TASK DETAILS => Skip the pictures and copy all the data that follows exactly.

INFORMATION SHOWN =>
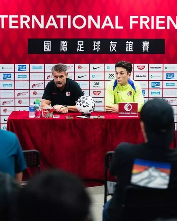 韋斯活(左)在賽前記者會說,從來都無輕視友誼賽。中國香港足球總會FB圖片
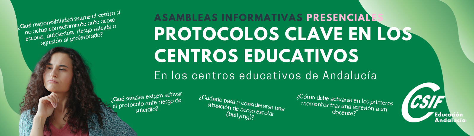 CSIF Educación Andalucía celebra una ronda de asambleas informativas para abordar de forma práctica algunos de los protocolos que generan más dudas en los centros educativos.
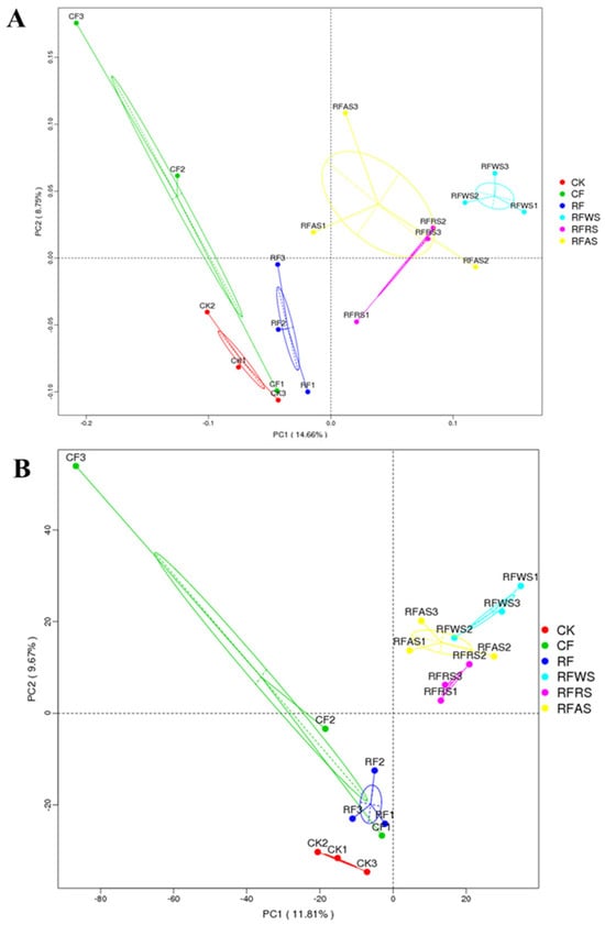 To understand the effect of fertilizer reduction combined with organic materials on the structural composition of soil microorganisms, the differences in soil bacterial community structures were analyzed by PCoA (Figure 6A) and PCA (Figure 6B). The loadings for all variables involved in the PCA in different treatments are shown in the Supplementary Materials. PC1 and PC2 were obtained, with contributions of 14.7% on the first axis and 8.75% on the second axis in PCoA, which indicated a similar OTU composition between the RFWS and RFAS treatments. However, the CF and RFRS treatments showed similar variations in OUT compositions in PCoA, with the dispersion of data points in the four quadrants.

EXERCISE OUTPUT =>
 韋斯活(左)在賽前記者會說,從來都無輕視友誼賽。中國香港足球總會FB圖片
 CSIF Educación Andalucía celebra una ronda de asambleas informativas para abordar de forma práctica algunos de los protocolos que generan más dudas en los centros educativos.
 To understand the effect of fertilizer reduction combined with organic materials on the structural composition of soil microorganisms, the differences in soil bacterial community structures were analyzed by PCoA (Figure 6A) and PCA (Figure 6B). The loadings for all variables involved in the PCA in different treatments are shown in the Supplementary Materials. PC1 and PC2 were obtained, with contributions of 14.7% on the first axis and 8.75% on the second axis in PCoA, which indicated a similar OTU composition between the RFWS and RFAS treatments. However, the CF and RFRS treatments showed similar variations in OUT compositions in PCoA, with the dispersion of data points in the four quadrants.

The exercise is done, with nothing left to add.